Customer feedback becomes relevant when it allows you to measure customer satisfaction and therefore improve the customer experience.
Today, customers regularly interact with brands’ digital channels. Hence the importance of using their feedback to optimize their digital experience as we have collected in our post ‘Key customer feedback to understand the customer experience‘.
But do your companies really use the full potential of customer feedback?
Feedback and its treatment are the key element of any customer experience (CX) program, enabling the creation of a direct digital dialogue between brands and customers. As customers share their feedback, and we translate it into improvement actions within the company, the impact on the bottom line increases.
You may be closing the loop with individual customers, but it’s key to identify global actions with company-wide impact that positively influence customers.
Putting feedback at the center of the company allows you to:
- Increase customer satisfaction (CSAT).
- Reduce operating costs.
- Improve customer lifetimevalue.
- Improve results.
How to collect customer feedback?
Here’s how to improve customer feedback and show that you value their opinions:
Ask customers at the right times.
The key to customer response is directly related to when you ask questions. There are certain times in a customer’s journey when they probably aren’t interested in giving feedback. But there are other times when customers may appreciate the opportunity to voice their opinion, trying to solve problems that have not been solved for them so far.
Capturing that feedback also provides first-hand data on redundant operational problems in the business.
It uses open-text analytics and sentiment analysis technologies to maximize the collection of relevant information from open-ended questions.
Text analytics uses artificial intelligence (AI) to aggregate opinion topics and then extract meaningful information from thousands of text-based comments. Regardless of how you classify your comments, it is important to incorporate sentiment analysis in order to understand which topics are trending “negative” and which are trending “positive.”
To do this, you can make a very simple scheme to identify the sentiment of the opinions as shown below:
Simply identify with a different color if the opinion is positive, negative or neutral and with a different size depending on whether that comment is repeated by different customers or if it is something relevant.

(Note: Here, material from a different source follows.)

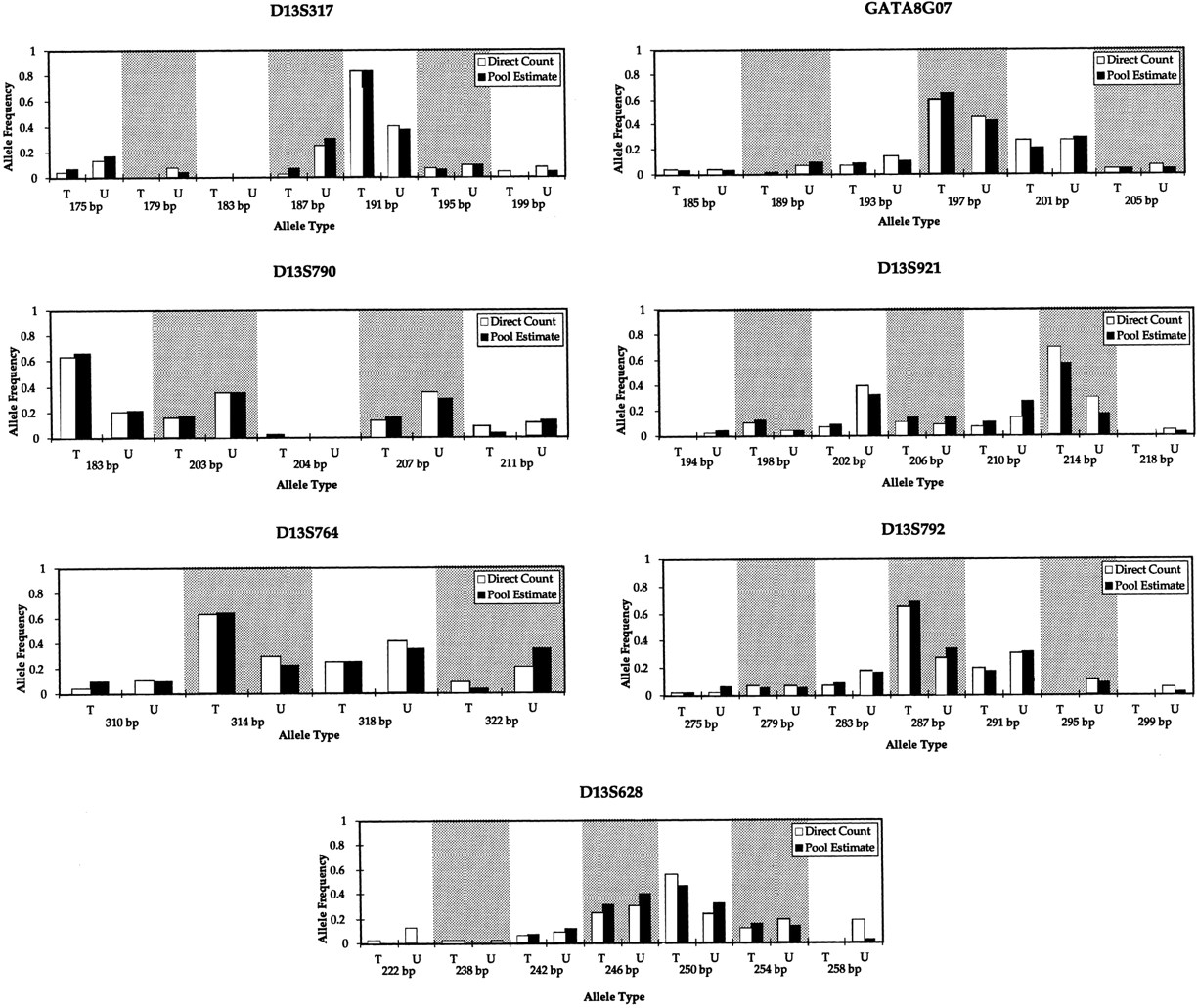 DNA pooling of HSCR-associated genetic markers. T and U parental allele frequencies estimated from direct genotyping and from two DNA pools (27 HSCR affected offspring and their parents) for markers on human chromosome 13q flanking the HSCR susceptibility gene EDNRB.For visual clarity, white and shaded stripes have been used to separate T and U frequencies on adjacent alleles. The legend follows that in Fig. 2.
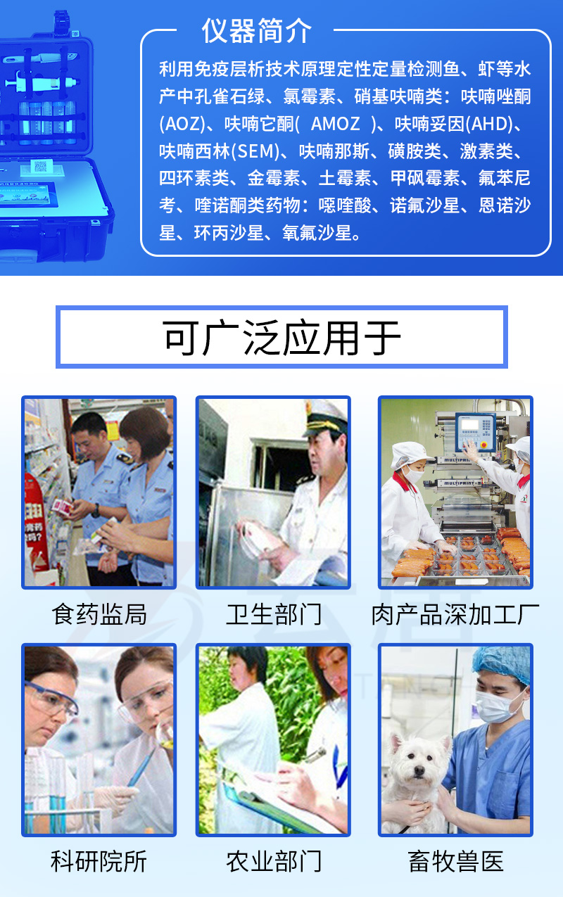 該儀器廣泛應(yīng)用于食藥監(jiān)局、衛(wèi)生監(jiān)督部門、農(nóng)業(yè)部門、商業(yè)系統(tǒng)養(yǎng)殖場(chǎng)、屠宰場(chǎng)、食品肉產(chǎn)品深加工企業(yè)、畜牧獸醫(yī)、檢驗(yàn)檢疫部門、食品生產(chǎn)企業(yè)、農(nóng)副產(chǎn)品批發(fā)市場(chǎng)、農(nóng)業(yè)生產(chǎn)基地、超市、餐廳、高教院校、食堂等單位部門對(duì)食品中的不安全指標(biāo)進(jìn)行監(jiān)測(cè)使用。

This way you will get an overall view of the sentiment of your company, knowing whether positive or negative sentiment predominates.
Ask questions that fit your analysis objectives.
By creating programs designed to capture customer opinions on precise topics, you can get immediate feedback from your most important asset, your customers, and make concrete improvements to your business.
Consumer behavior is not static, but changes over time. Studying and understanding trends to take different actions depending on how the customer is doing is key to improving your business. You can learn more about consumer behavior trends in the following Medallia post.
Generate measurement models: Combine NPS and CSAT with other metrics.
Almost all feedback programs focus on a few key metrics, primarily NPS and CSAT. Whether you use NPS or overall satisfaction (CSAT) with the company, having a key metric where you can monitor its evolution can help you compare customer experience management over time. You can learn more about these metrics in the following post on our blog.
The models defined by Allswers allow you to combine different metrics to get the most complete analysis.
Close de loop: The importance of closing the loop.
Companies don’t need to do much to optimize customer experiences. If you’re collecting customer feedback, you’re halfway there. Now you just need to use the feedback you have to implement actions to close the dissatisfactions that are highlighted.